Supplied data section start

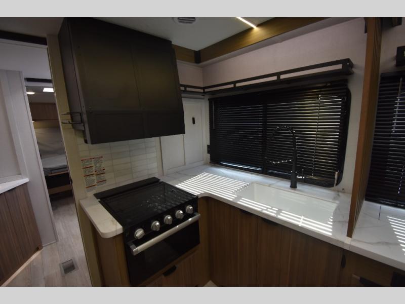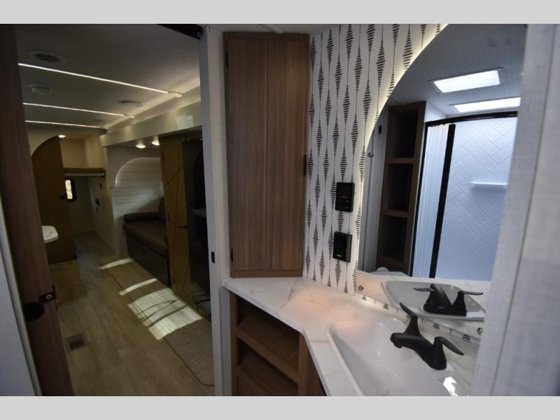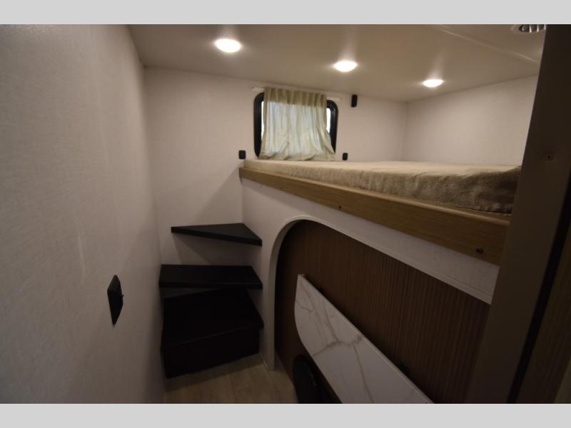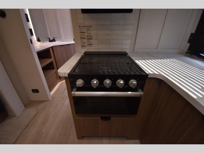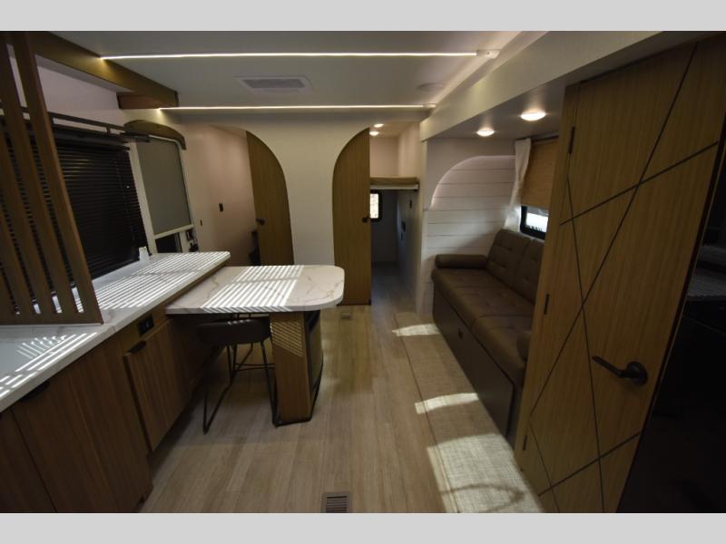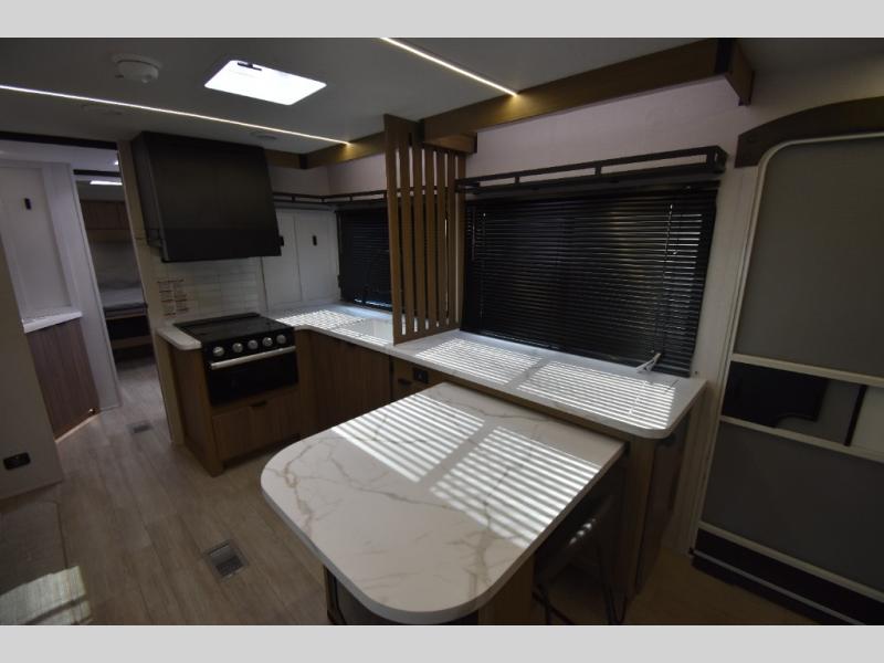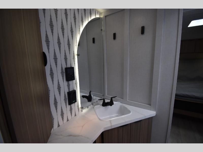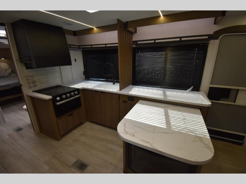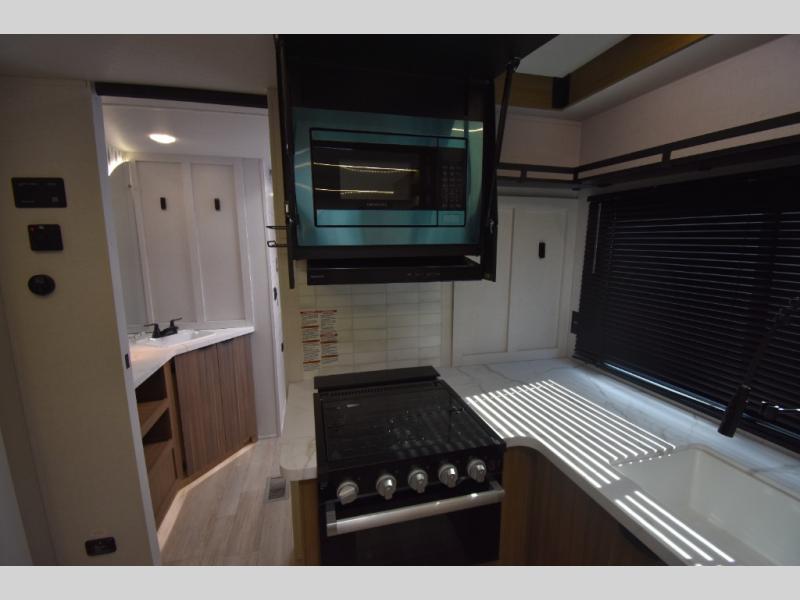 Everyone will enjoy having their own space in this travel trailer thanks to the front master bedroom and the rear bunkhouse. The bunkhouse includes a wall to separate the Versa bunk and fold-down desk on one side and a Versa sofa on the other, perfect for older kids or guests. You'll have the custom king bed with Versa Tilt all to yourselves, and the walk-thru bath will be easily accessible for everyone. In the combined kitchen and living room, a jackknife sofa slide sits across from the fireplace/entertainment center, and there is a pull-out table here so you can dine together.
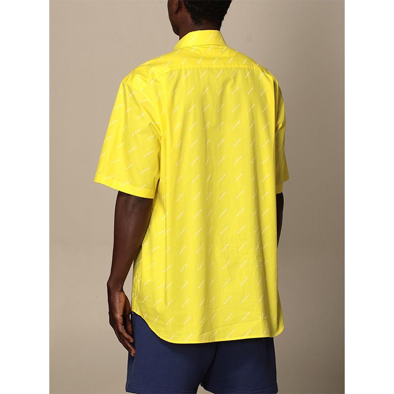 Balenciaga/巴黎世家 21春夏 男士 短袖衬衫 满版字母logo印花 黄色 534332TBL96 7201【现货】
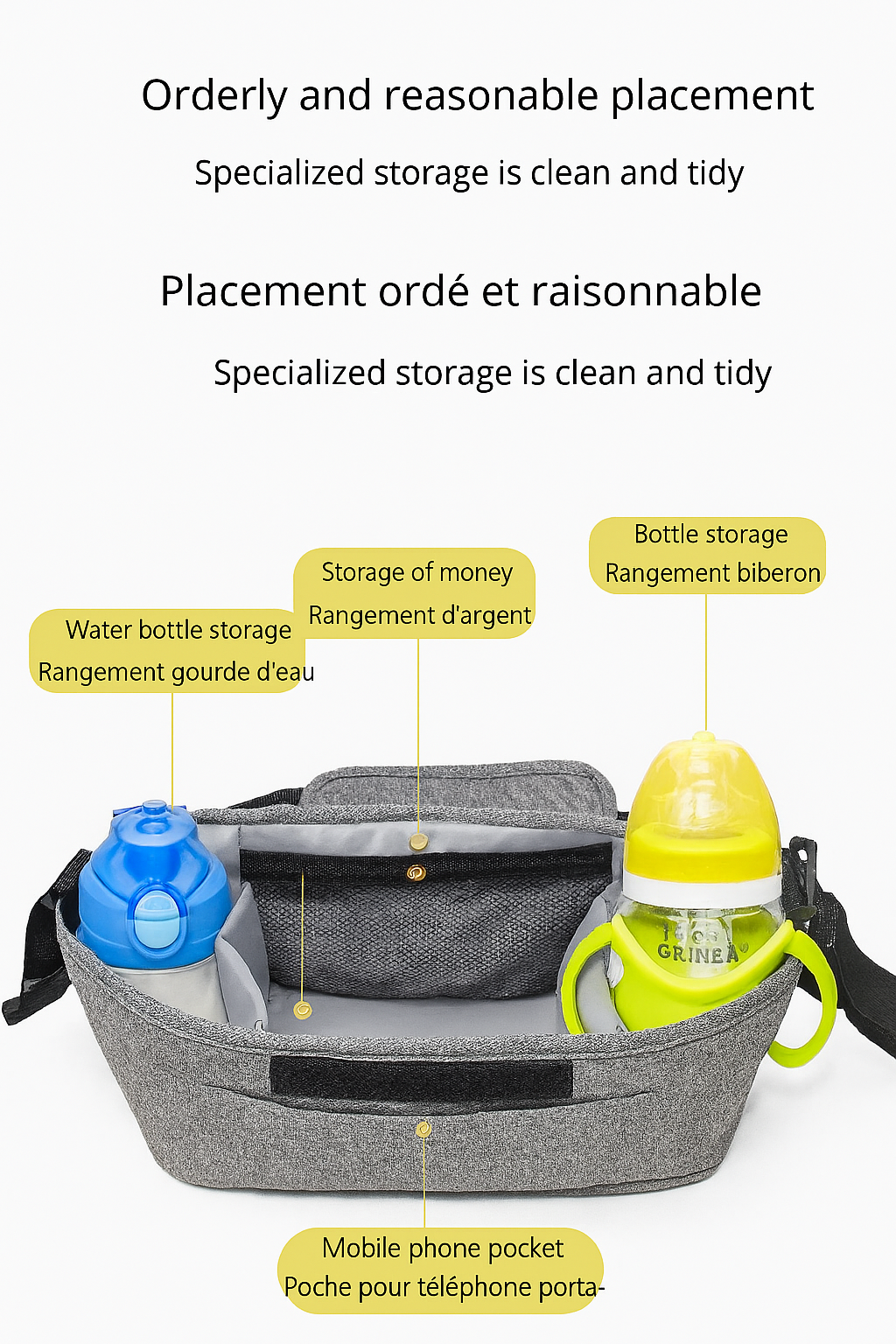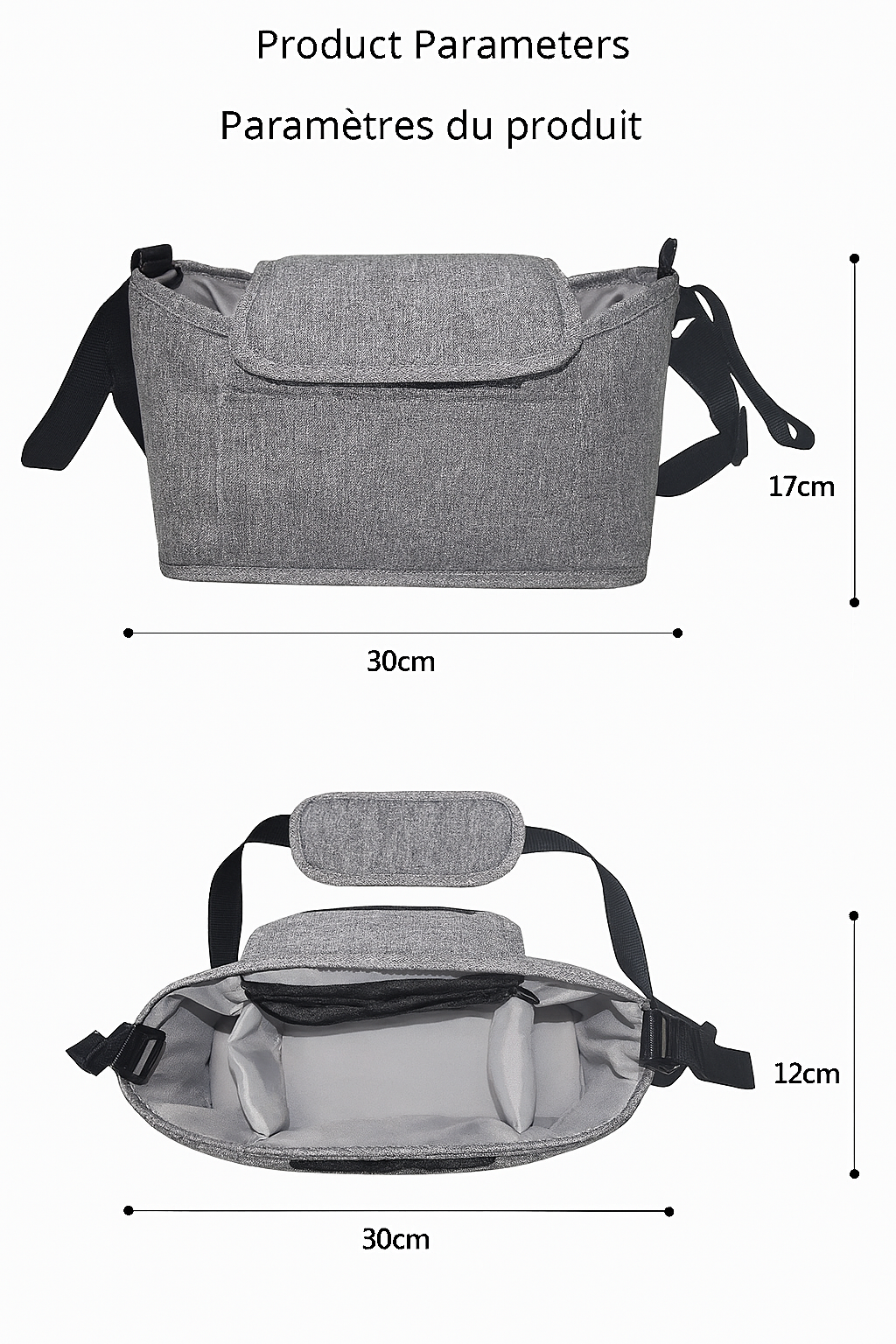 Découvrez notre sac bandoulière de poussette pour bébé, un accessoire indispensable pour les mamans en déplacement. Avec sa grande capacité et son organisateur intégré, ce sac vous permet de garder tous les essentiels de bébé à portée de main. Fabriqué en lin de haute qualité, ce sac est à la fois durable et élégant. Sa taille compacte de 30*12*17 cm le rend idéal pour les voyages et les sorties en famille. Équipé de multiples poches pour ranger les biberons, les accessoires de poussette et bien plus encore, ce sac est le compagnon idéal pour les mamans dynamiques. Ne dispensez pas ce sac pratique et stylé pour simplifier vos déplacements avec bébé !

Supplied data section end

__Exercise aim__: Give back the material exactly as written, from its first line to the line that contains "Balenciaga/巴黎世家 21春夏 男士", and leave out the pictures.

__Task response__:
 Everyone will enjoy having their own space in this travel trailer thanks to the front master bedroom and the rear bunkhouse. The bunkhouse includes a wall to separate the Versa bunk and fold-down desk on one side and a Versa sofa on the other, perfect for older kids or guests. You'll have the custom king bed with Versa Tilt all to yourselves, and the walk-thru bath will be easily accessible for everyone. In the combined kitchen and living room, a jackknife sofa slide sits across from the fireplace/entertainment center, and there is a pull-out table here so you can dine together.
 Balenciaga/巴黎世家 21春夏 男士 短袖衬衫 满版字母logo印花 黄色 534332TBL96 7201【现货】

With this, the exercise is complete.